Quaderni del carcere


I Quaderni del carcere presentati a Bucarest sono stati curati dai professori Angelo Chielli e Sabin Drăgulin e sono stati tradotti grazie a un contributo assegnato dal Ministero degli Affari Esteri e della Cooperazione Internazionale italiana.

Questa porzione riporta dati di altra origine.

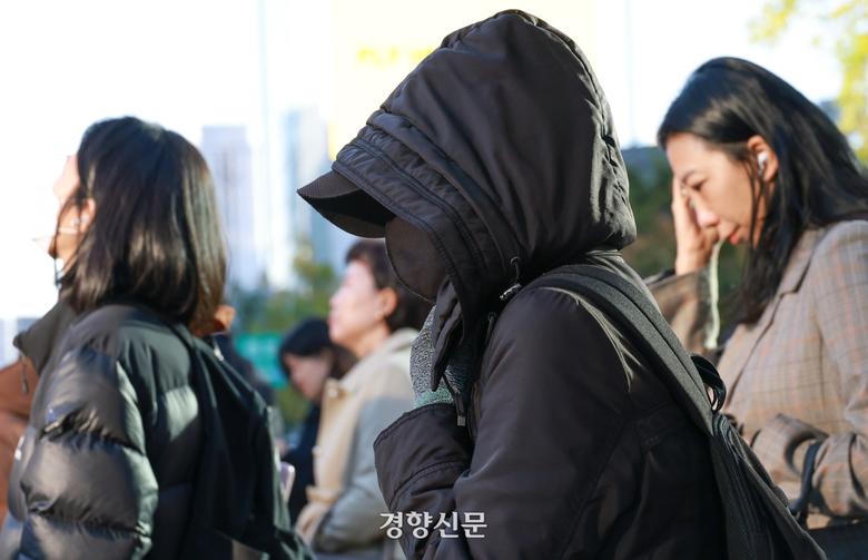 추위에 온몸을 감싼 시민들. 성동훈 기자 |

Il problema della datazione dei Quaderni di Antonio Gramsci è uno di quelli su cui gli studiosi stanno da tempo lavorando. Stabilire con una ragionevole certezza la cronologia dei Quaderni e all’interno del singolo quaderno quella delle note, faciliterebbe molto il modo di procedere di Gramsci e l’evoluzione del suo pensiero. La questione è complessa poiché Gramsci compila i singoli quaderni lavorando contemporaneamente a essi. Essi, in altre parole, non vengono scritti in successione, Spesso un quaderno non veniva utilizzato per lungo tempo e poi, successivamente, di nuovo, anche a distanza di molto tempo, vi apponeva ulteriori annotazioni. Ed è per questa ragione la determinazione dell’ordine cronologico con cui le note furono stilate risulta estremamente difficile.

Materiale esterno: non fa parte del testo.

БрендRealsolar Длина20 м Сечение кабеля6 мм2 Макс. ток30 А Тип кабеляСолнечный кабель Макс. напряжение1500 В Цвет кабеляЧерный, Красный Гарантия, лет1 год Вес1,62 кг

L’edizione critica dei Quaderni a cura di Valentino Gerratana ha permesso di porre in maniera più corretta, rispetto alla precedente edizione tematica, il problema della datazione. Questo perché, come già accennato, vi sono all’interno di uno stesso quaderno, note che fisicamente si trovano dopo di altre ma composte cronologicamente prima e viceversa. Ciò dipende dalla circostanza che Gramsci lasciava degli spazi bianchi necessari a una disposizione delle note che seguisse il particolare progetto dell’autore e non solo quello della successione temporale.


Quaderno 1

Il Quaderno 1 (XVI nella numerazione apposta da Tania Schucht) fu composto tra l’otto febbraio del 1929 – questa data è certa perché l’appone di suo pugno Gramsci sulla prima pagina del quaderno – e la fine di maggio del 1930. Tuttavia, l’inizio della stesura effettiva del quaderno, a parte la prima stesura di un programma di lavora che apre il quaderno stesso, effettivamente scritto l’otto febbraio, è da datare tra la fine di giugno e i primi di luglio del 1929.
Il Quaderno 1 è uno di quelli cosiddetti miscellanei, cioè composti da note che trattano argomenti disparati (a differenza dei Quaderni detti speciali perché in essi sono presenti solo appunti su un unico argomento).
Gerratana, nell’edizione critica dei Quaderni ha compiuto una fondamentale distinzione tra i testi in essi contenuti. Egli li ha suddivisi in tre classi: i testi di tipo A, i testi di tipo B e i testi di tipo C.
I testi di tipo A sono di prima stesura, cioè testi che Gramsci successivamente ricopia o rielabora in altri quaderni; i testi di tipo B sono quelli in unica stesura, cioè che non appaiono in altri quaderni; infine, i testi di tipo C sono frutto di una seconda stesura, vale a dire testi di tipo A diventati testi C.
Il modo in cui i testi A sono riversati nei testi C non è uniforme. Infatti, spesso, più testi A sono riunificati sotto un unico testo C, in altri casi, invece il testo A è suddiviso in molteplici testi C. Altre volte il testo A è conservato fedelmente in un unico testo C, vi è, in questo caso, una perfetta corrispondenza tra testo A e C. In altri casi ancora, Gramsci rielabora il testo A in un testo C in modo profondo tanto che con difficoltà si riesce a scorgere l’originale. Nel Quaderno 1 vi sono 158 tra note e appunti; di questi 107 sono testi di tipo A, 51 di tipo B, non sono presenti, invece testi, di tipo C. Come è facile comprendere più dei due terzi delle note del Quaderno 1 sarà ricopiato o rielaborato sotto forma di testi C in altri quaderni.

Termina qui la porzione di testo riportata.